■ What is required ■
The result should be an exact copy of only the lines from the one with "- Ultra-Absorbent, Streak-Free" through the last line of the data below, with pictures omitted.

═══ The input ═══

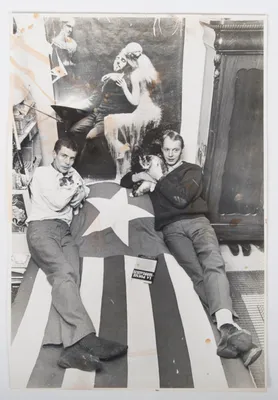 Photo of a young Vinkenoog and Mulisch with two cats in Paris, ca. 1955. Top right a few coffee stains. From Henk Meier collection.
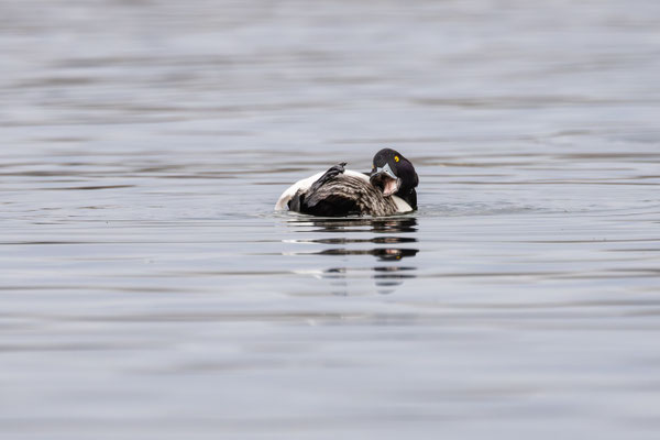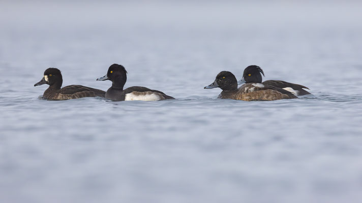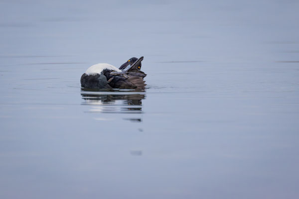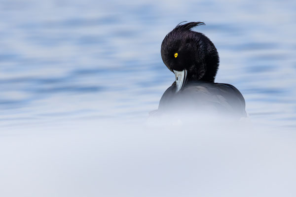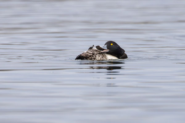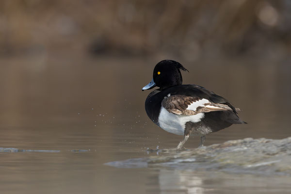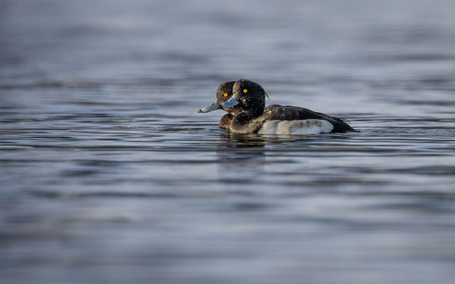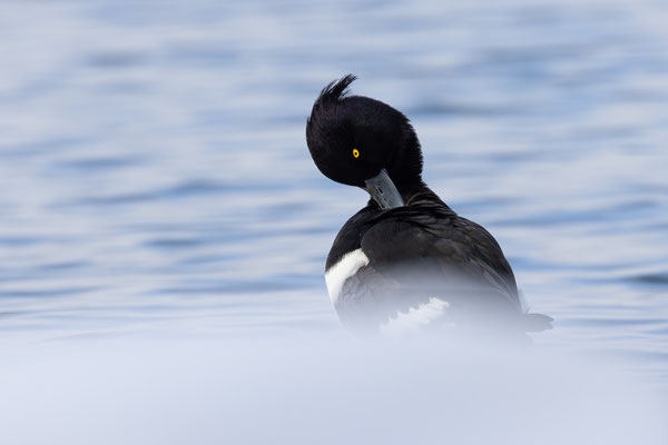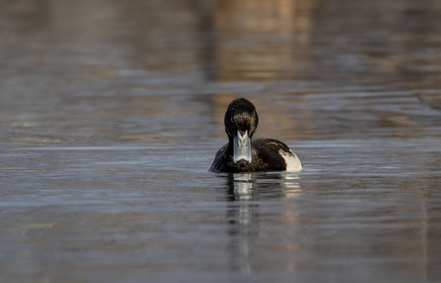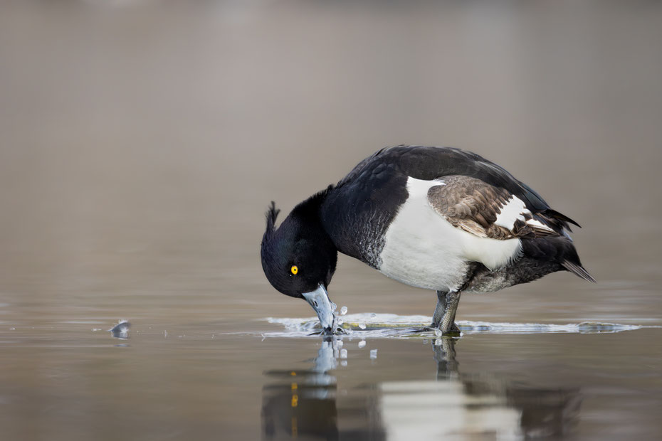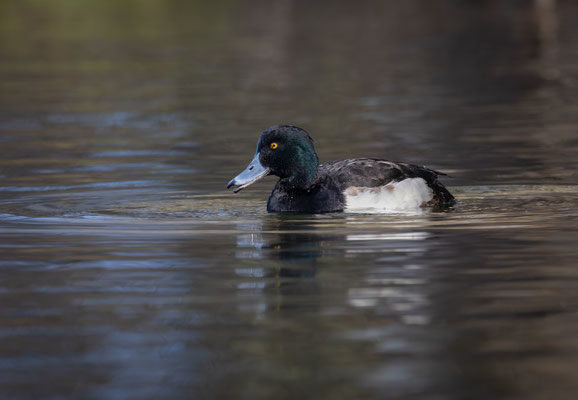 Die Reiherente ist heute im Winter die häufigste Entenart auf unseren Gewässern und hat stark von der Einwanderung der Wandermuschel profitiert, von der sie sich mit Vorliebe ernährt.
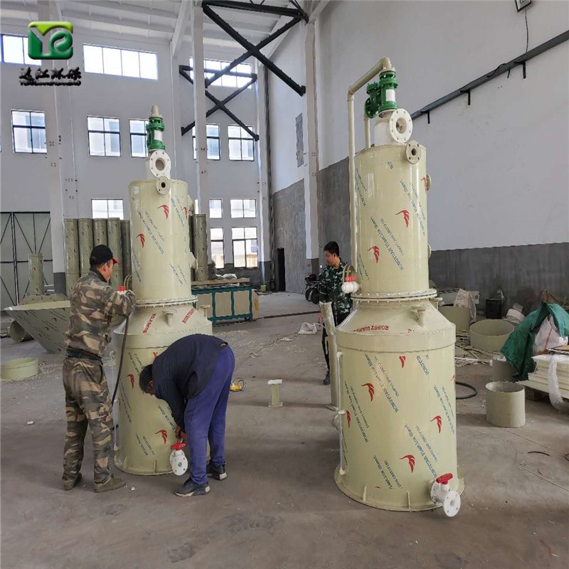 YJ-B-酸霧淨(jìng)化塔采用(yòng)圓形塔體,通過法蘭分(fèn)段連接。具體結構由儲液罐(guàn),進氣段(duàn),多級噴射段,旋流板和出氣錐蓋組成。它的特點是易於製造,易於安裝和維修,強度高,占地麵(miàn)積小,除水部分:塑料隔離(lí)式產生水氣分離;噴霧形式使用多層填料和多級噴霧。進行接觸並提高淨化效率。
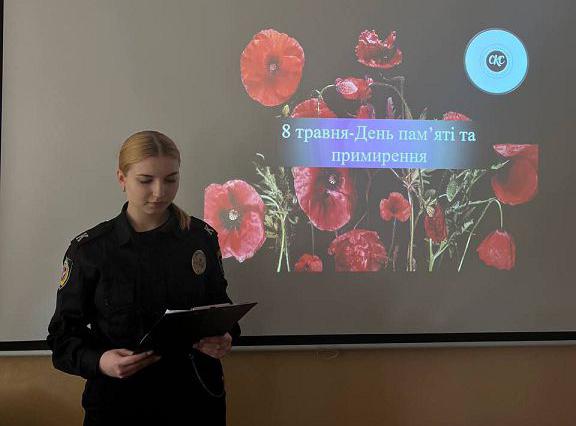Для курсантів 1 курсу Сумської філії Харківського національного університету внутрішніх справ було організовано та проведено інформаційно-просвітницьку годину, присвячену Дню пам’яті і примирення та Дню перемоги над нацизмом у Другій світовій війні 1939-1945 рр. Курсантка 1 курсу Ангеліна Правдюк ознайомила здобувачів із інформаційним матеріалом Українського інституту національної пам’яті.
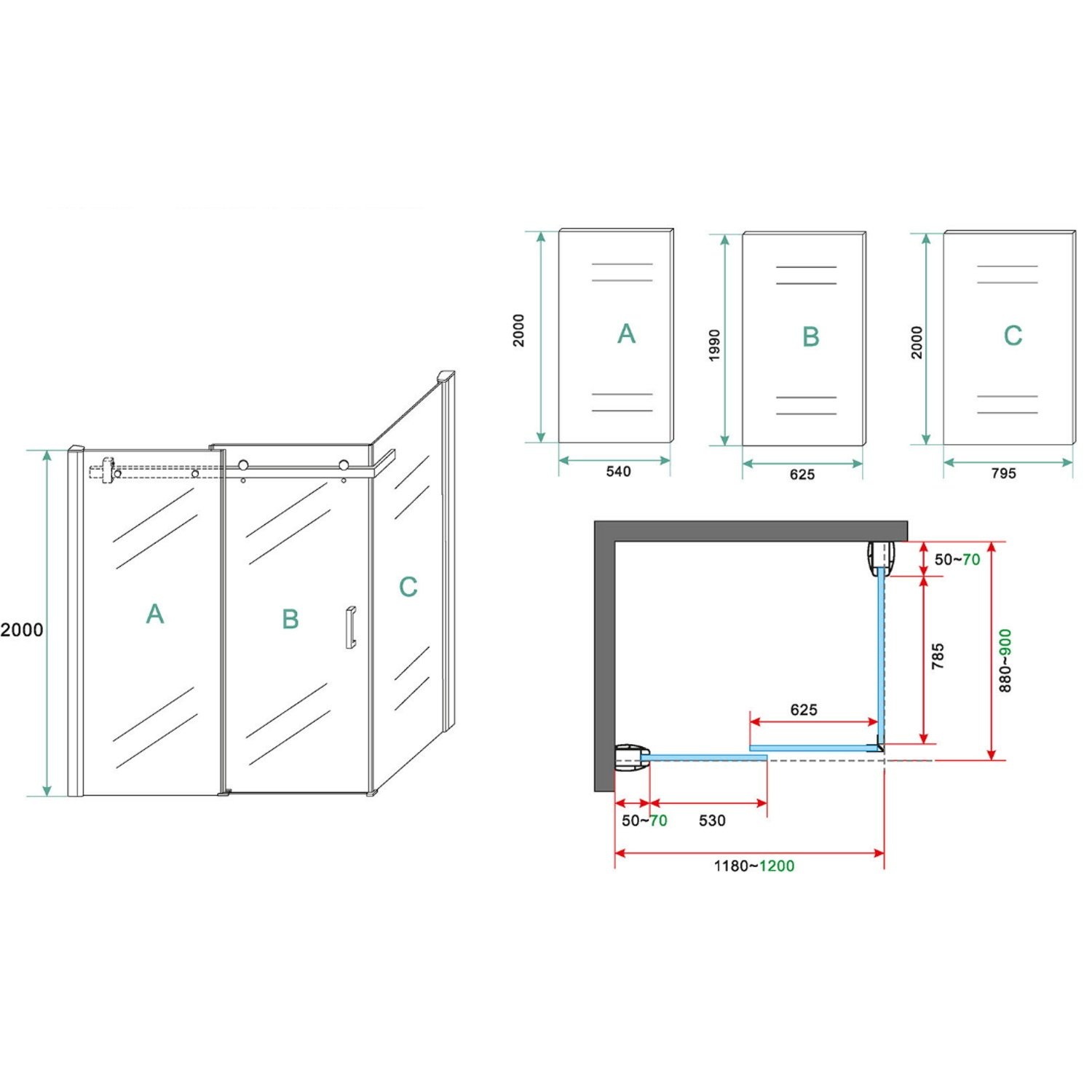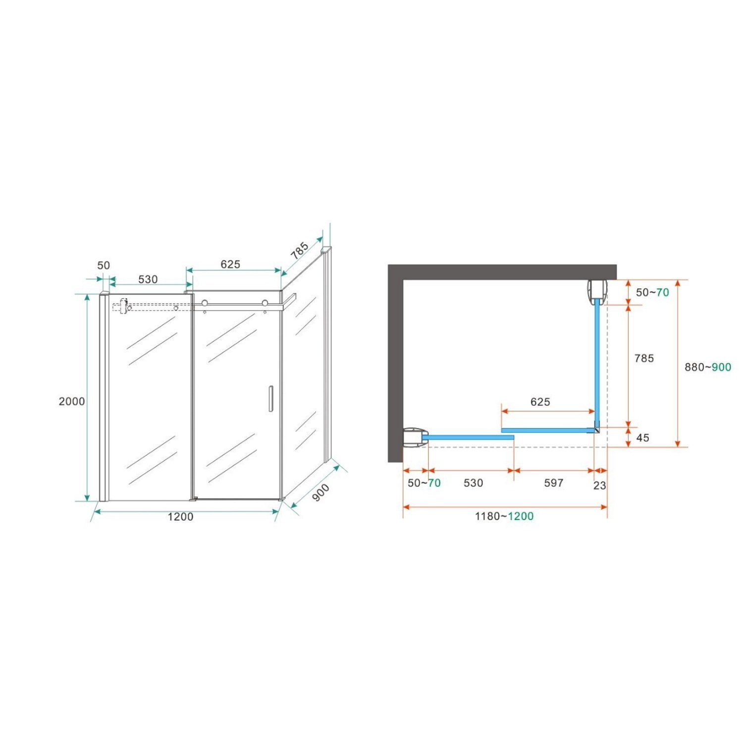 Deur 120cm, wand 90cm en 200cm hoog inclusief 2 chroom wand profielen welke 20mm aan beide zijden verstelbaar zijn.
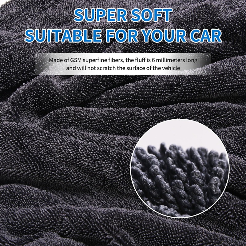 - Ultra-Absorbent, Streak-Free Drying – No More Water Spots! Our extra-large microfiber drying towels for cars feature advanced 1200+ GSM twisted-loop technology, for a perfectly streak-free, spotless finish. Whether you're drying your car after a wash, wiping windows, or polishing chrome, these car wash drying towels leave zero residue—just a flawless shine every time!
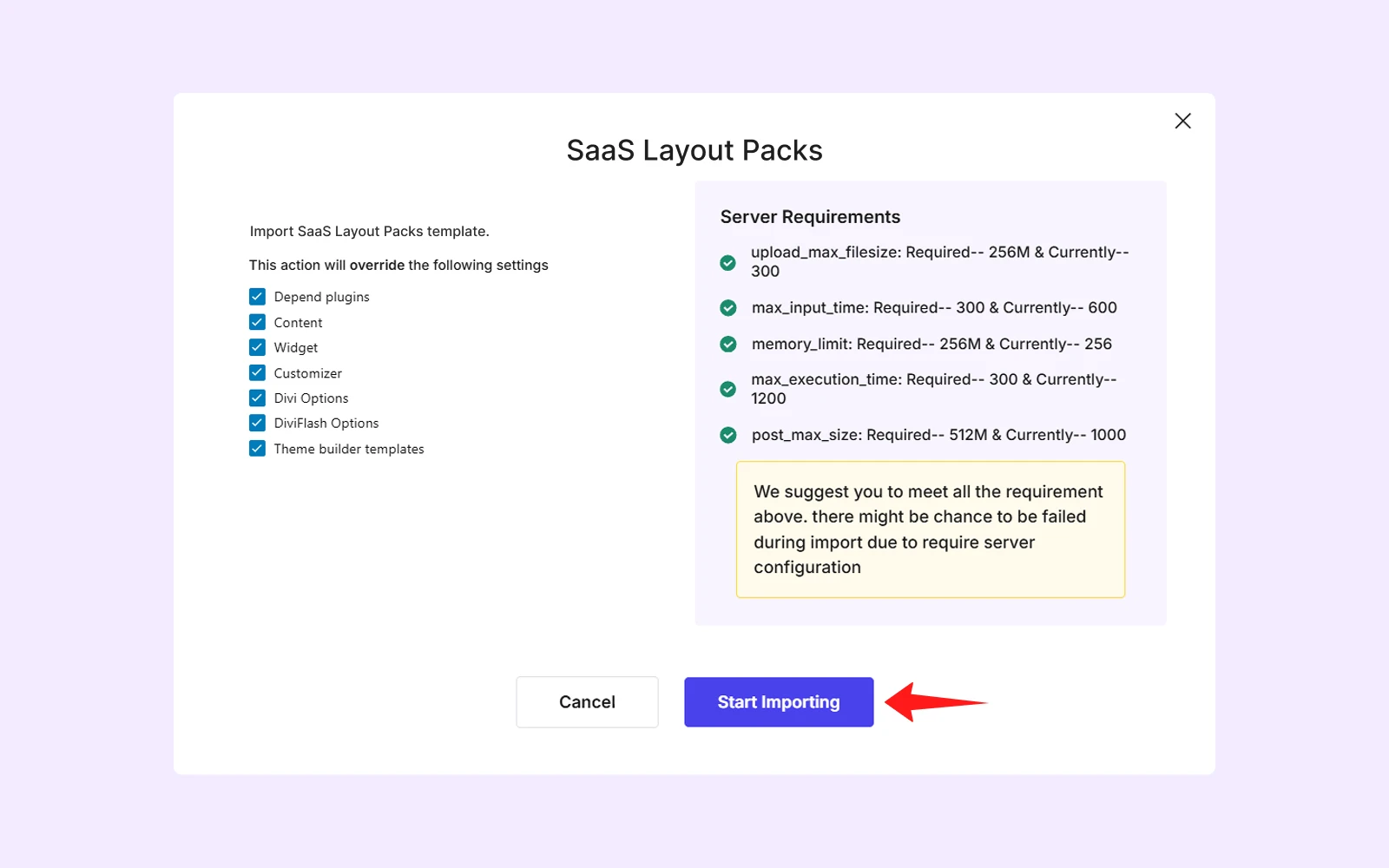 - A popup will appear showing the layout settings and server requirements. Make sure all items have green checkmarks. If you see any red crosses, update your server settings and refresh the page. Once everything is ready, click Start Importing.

═══

■ The completed task ■
 - Ultra-Absorbent, Streak-Free Drying – No More Water Spots! Our extra-large microfiber drying towels for cars feature advanced 1200+ GSM twisted-loop technology, for a perfectly streak-free, spotless finish. Whether you're drying your car after a wash, wiping windows, or polishing chrome, these car wash drying towels leave zero residue—just a flawless shine every time!
 - A popup will appear showing the layout settings and server requirements. Make sure all items have green checkmarks. If you see any red crosses, update your server settings and refresh the page. Once everything is ready, click Start Importing.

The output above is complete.